BEGIN Records for this exercise
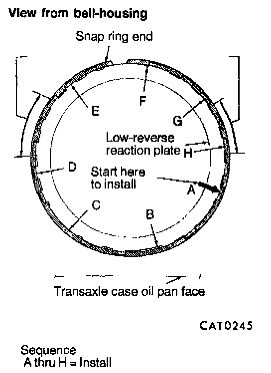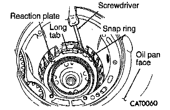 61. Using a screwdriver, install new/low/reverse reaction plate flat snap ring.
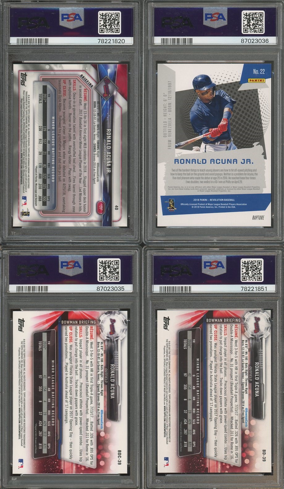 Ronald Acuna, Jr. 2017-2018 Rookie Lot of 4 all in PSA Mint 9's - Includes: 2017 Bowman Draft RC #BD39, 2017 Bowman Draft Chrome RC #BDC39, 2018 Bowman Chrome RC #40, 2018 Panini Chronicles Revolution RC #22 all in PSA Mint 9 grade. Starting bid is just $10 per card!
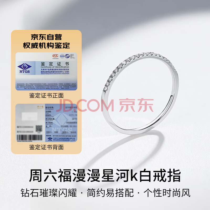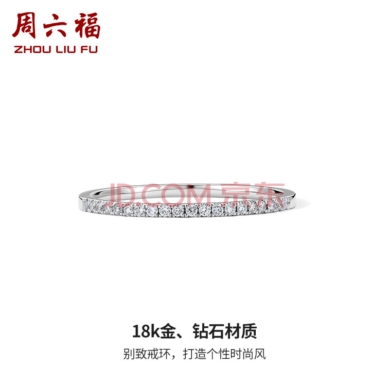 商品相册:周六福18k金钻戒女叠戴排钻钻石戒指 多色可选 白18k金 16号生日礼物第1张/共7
END Records for this exercise
BEGIN Records for this exercise
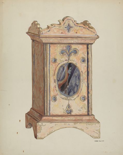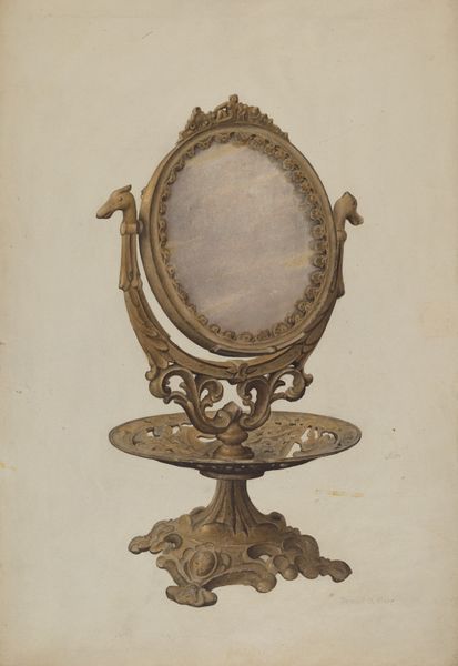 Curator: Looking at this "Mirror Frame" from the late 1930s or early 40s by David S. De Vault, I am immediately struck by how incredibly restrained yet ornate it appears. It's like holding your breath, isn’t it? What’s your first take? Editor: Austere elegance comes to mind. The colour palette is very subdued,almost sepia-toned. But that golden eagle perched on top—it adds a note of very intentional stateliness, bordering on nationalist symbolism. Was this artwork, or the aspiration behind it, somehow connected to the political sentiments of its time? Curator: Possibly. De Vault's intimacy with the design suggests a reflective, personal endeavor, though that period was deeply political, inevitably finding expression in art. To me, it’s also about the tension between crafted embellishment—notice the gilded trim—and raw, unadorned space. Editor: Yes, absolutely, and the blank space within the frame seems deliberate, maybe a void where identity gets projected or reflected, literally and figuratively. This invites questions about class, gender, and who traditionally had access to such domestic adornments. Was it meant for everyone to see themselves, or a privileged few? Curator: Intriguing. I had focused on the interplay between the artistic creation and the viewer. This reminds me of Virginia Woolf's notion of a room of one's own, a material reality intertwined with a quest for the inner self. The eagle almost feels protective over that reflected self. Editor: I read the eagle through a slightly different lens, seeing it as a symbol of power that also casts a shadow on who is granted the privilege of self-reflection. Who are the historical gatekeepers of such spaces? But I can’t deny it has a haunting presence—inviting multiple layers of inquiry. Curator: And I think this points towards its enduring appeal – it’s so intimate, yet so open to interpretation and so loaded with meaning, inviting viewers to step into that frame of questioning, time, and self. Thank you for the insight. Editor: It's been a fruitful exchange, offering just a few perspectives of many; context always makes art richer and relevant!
END Records for this exercise
BEGIN Records for this exercise
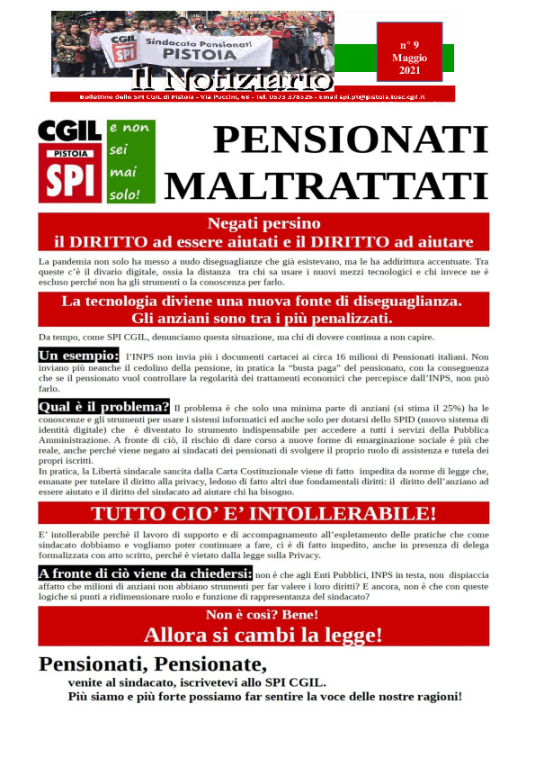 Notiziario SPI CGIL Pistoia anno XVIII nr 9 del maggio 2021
END Records for this exercise
▶ _Problem description_
What is needed is an exact copy of only the lines above from the one with "Ronald Acuna, Jr." to the one with "商品相册:周六福18k金钻戒女叠戴排钻钻石戒指 多色可选 白18k金", both kept, with every picture left out.

▶ _Exercise output_
 Ronald Acuna, Jr. 2017-2018 Rookie Lot of 4 all in PSA Mint 9's - Includes: 2017 Bowman Draft RC #BD39, 2017 Bowman Draft Chrome RC #BDC39, 2018 Bowman Chrome RC #40, 2018 Panini Chronicles Revolution RC #22 all in PSA Mint 9 grade. Starting bid is just $10 per card!
 商品相册:周六福18k金钻戒女叠戴排钻钻石戒指 多色可选 白18k金 16号生日礼物第1张/共7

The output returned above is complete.